Monday, January 18, 2010

Why the Saints are Back on Course For Super Bowl Glory

With the playoffs getting into full swing my nerves have slowly gone into over drive this week and so, to keep my brain at rest, I'm about to let you into my little secret as to why the Saints will win the Super Bowl. So without further ado here are my top 10 reasons why the New Orleans Who Dat Saints are set to take the whole cake and eat it.

1. It is merely time for the Saints to win a Super Bowl crown. Far too many decades of hurt have passed by for the Who Dat devotees so it is only fair we catch a slice of fortune this season.

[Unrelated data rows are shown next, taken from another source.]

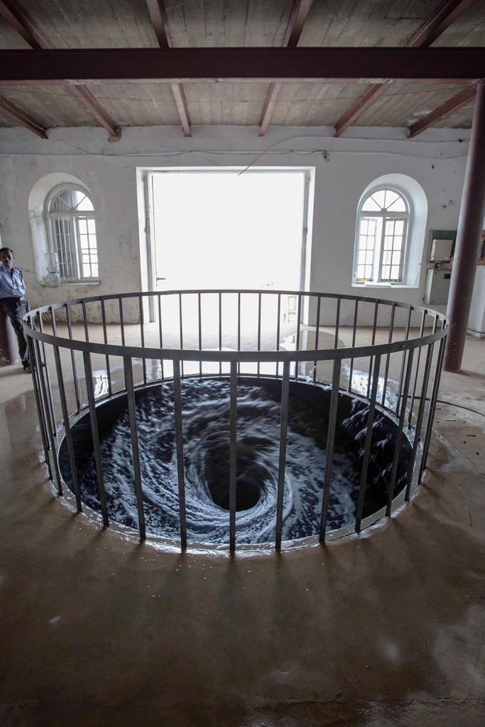 Fort Kochiban, a Kochi-Muzuris Biennálén állították ki ezt a félelmetes remekművet, amely a Descension (alámerülés) címet viseli. A korláttal körbekerített fekete víz állandóan örvénylik, kicsap a korláton túlra, és olyan, mintha végtelenül mély lenne – éles kontrasztban az előtte békésen zúgó tengerrel. “A szobrászatban a felület és a méret: minden.” - mondja Anish Kapoor indiai szobrász, az installáció megalkotója. A misztikus, felületét és méretét is folyamatosan változtató, örök mozgásban lévő mélységes örvényt elnézve a szobrász szavai valóban értelmet nyernek.
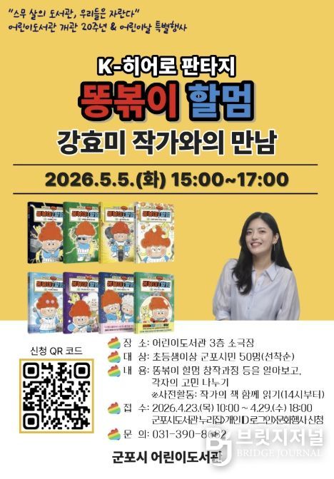 브릿지저널 김경미 기자 | 군포시어린이도서관은 오는 5월 4일 개관 20주년을 맞아 지역주민과 함께 소통하고 성장해 온 시간을 기념하기 위해 다채로운 행사를 개최한다고 밝혔다.
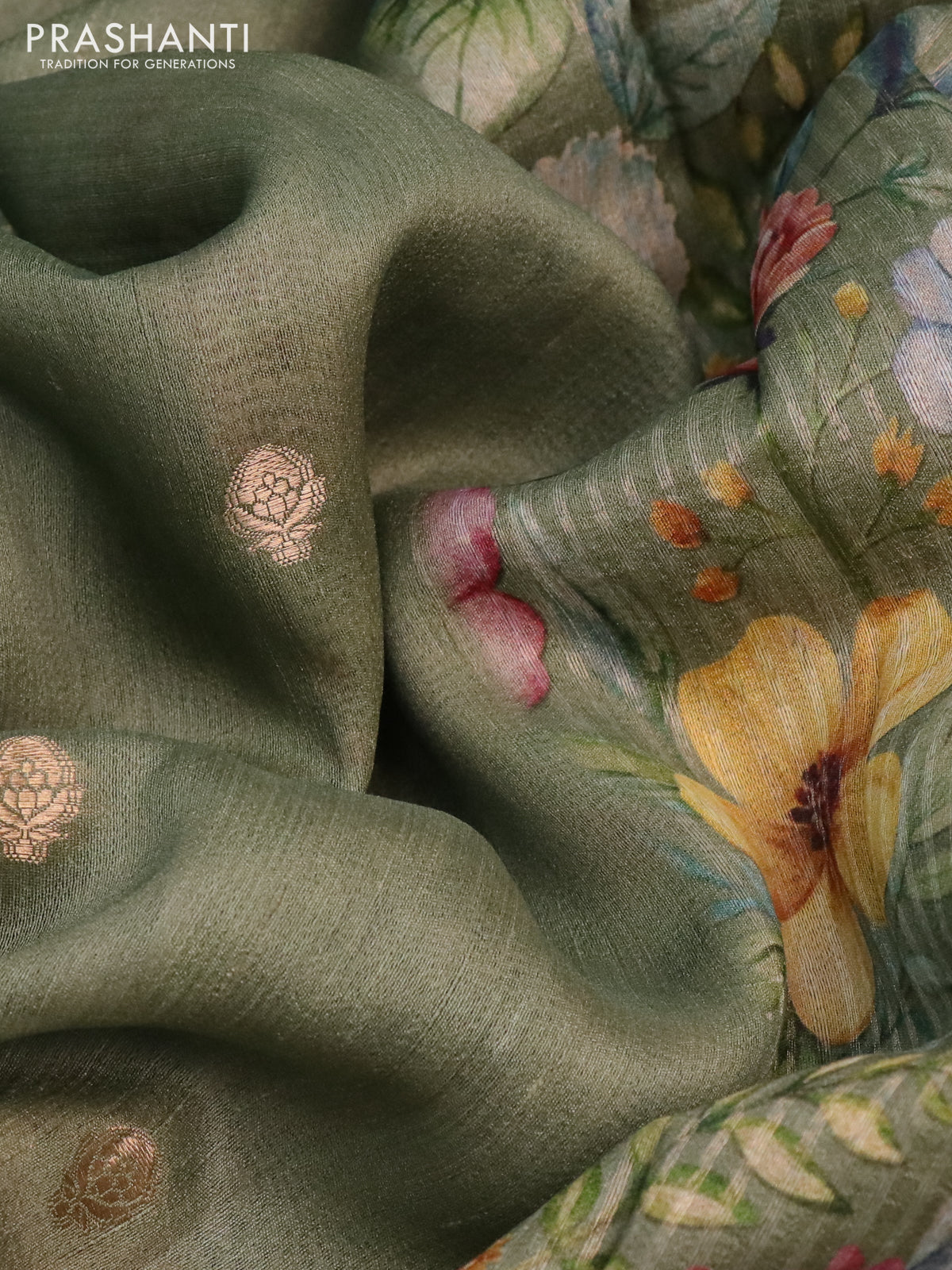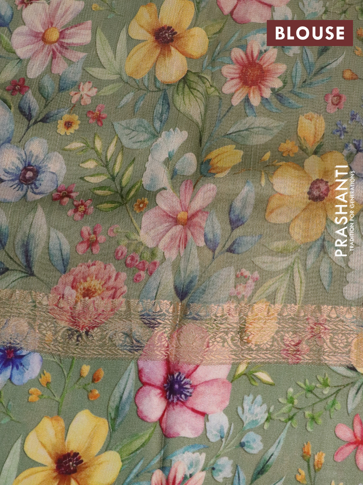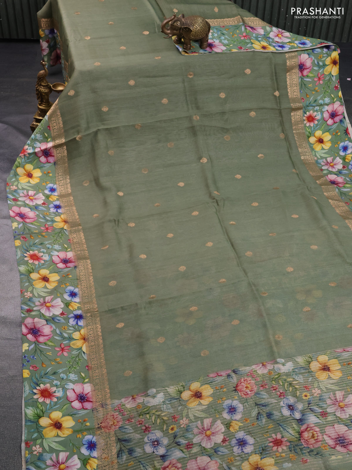 Banarasi tussar silk saree pastel green with zari woven buttas and zari woven floral digital printed border
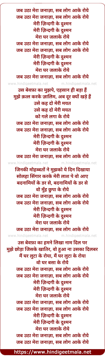 Lyrics of Jab Uthaa Mera Janaza - जब उठा मेरा जनाज़ा, सब लोग आके रोये
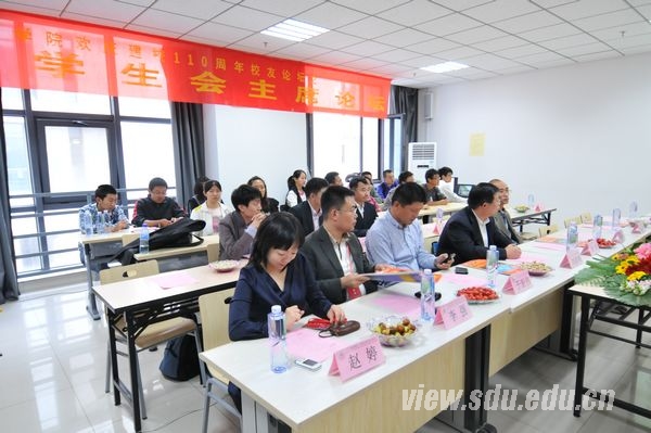 论坛上,1985级校学生会主席、山东省人民政府研究室刘险峰,1986级院学生会主席、山东大学经济学院徐涛副教授,1989级校学生会副主席、院学生会主席、淄博市国家税务局刘普照,1989级贸易系学生会主席、山东天诚投资管理有限公司于新伟,1993级院学生会主席、中国邮政储蓄银行山东省分行李强,1997级院学生会主席、山东省农业厅王哲,全国学联副主席、1997级校学生会主席、中化化肥有限公司刘杰,1998级院学生会主席、上海市国家会计学院赵婷,1998级院学生会素拓部部长、山东省发展和改革委员会王栋,1998级院学生会学习部部长、济南住房公积金管理委员会卢修明,1999级院团委副书记、院学生会执行主席、长春体彩管理中心张达前,1999院团委副书记、院学生会副主席、北京协和医院何平,2000级院学生会主席、中国农业银行吴斌先后发言。他们纷纷表示很荣幸能参加此次论坛,肯定了学院这一创新之举,同时向母校110周年校庆表示了祝贺,对学院所取得的成绩感到自豪和骄傲,并向母校汇报了各自工作情况并宣读了论坛宣言。
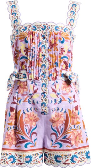A signature vibrant print enhances the vacation-perfect vibes of this crisp linen-blend romper made with scalloped trim and crisp pintucks.
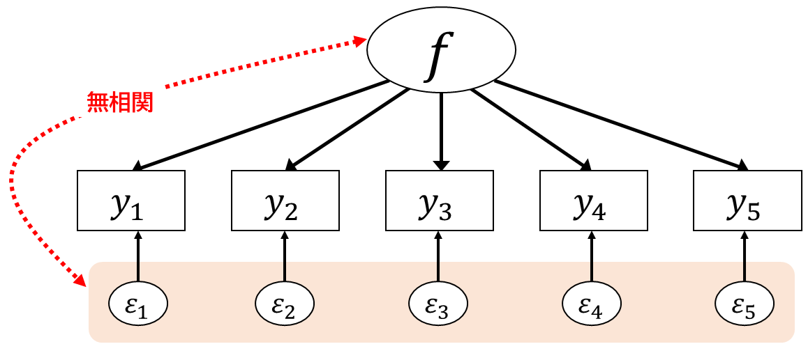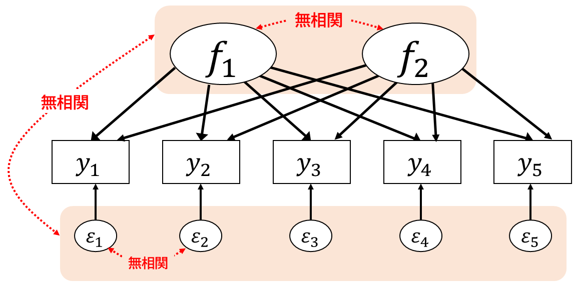 「共通因子間の相関もゼロ」という3行目の仮定は, 図 6.5 において\(f_1\)と\(f_2\)の間に直接的なパスが無いことに相当します。↩︎

2. Drew Brees is the best Signal Caller in the NFL. I don't care where the formal Most Valuable Player award went because here's a fact for you, there is no battlefield General in this league that I would sooner have under center than the New Orleans Who Dat Saints signal caller. The MVP award is merely a popularity competition in any event.

3. The Cardinals, in Kurt Warner, have a superb QB of their own, a selection of primary receivers and very little more. If the Saints can't beat them on route to the big game then we do not deserve to go all the way.



4. The team chant shall animate the Who Dat Saints to such a level that numerous Cardinals players will simulate injury sooner than dare stumble out on to the battlefield.

5. The New Orleans Saints pre game party will be so stunning that the Cardinals and all future opponents will simply be expected to throw in the dice.

6. The Who Dat Saints shall leap out to an early score in all their remaining games and stay put there.

7. The Saints will maintain those early scores because the Defensive Team will be confident enough to play their mean aggressive game.

8. Sean Payton, the Who Dat Saints wise old Head Coach, is a primary offensive schemer and will definitely have been planning seminal new systems for some weeks now.

9. The aggressive mean machine Defensive schemes are expected to be called up because most of the Saints DBs are back to full physical fitness which has not been the example since the Dolphins match up way back in week 7.

10. Kurt Warner is expected to become a Will Smith and Anthony Hargrove pancake on three occasions as Gregg Williams goes for an complete blitzkrieg package. Even Scott Fujita will get to Warner one time on the way to another Darren Sharper interception.

11. Shockey, Thomas, Colston, Meachem, and Devery Henderson are expected to find all manner of holes in the Cardinals zone D.

12. Reggie Bush will crack 2 great runs and one immense punt return. TV analysts will abruptly sing his praises and claim they have never doubted the one-time Heisman victor.

13. The Saints crowd are expected to create so much racket that the Louisiana Super Dome roof will ultimately fly away into the nighttime sky. The Dome will be illuminated by the stars above and the Who Dat Saints crowd shall unite hands for a serious rendering of Sweet Brother Malcolm.

And last but by no means least,

14. Peace on Earth will be announced and all mankind shall rejoice by getting together at Baskin Robbins for a chocolate Sunday and to watch reruns of Mash.

OK I am far too stressed to produce precise predictions and have resorted to ambitious thinking. Either way I am anticipating the playoff run with the comparable vexed energy I commonly reserve for dental practitioners visits and spinal operations.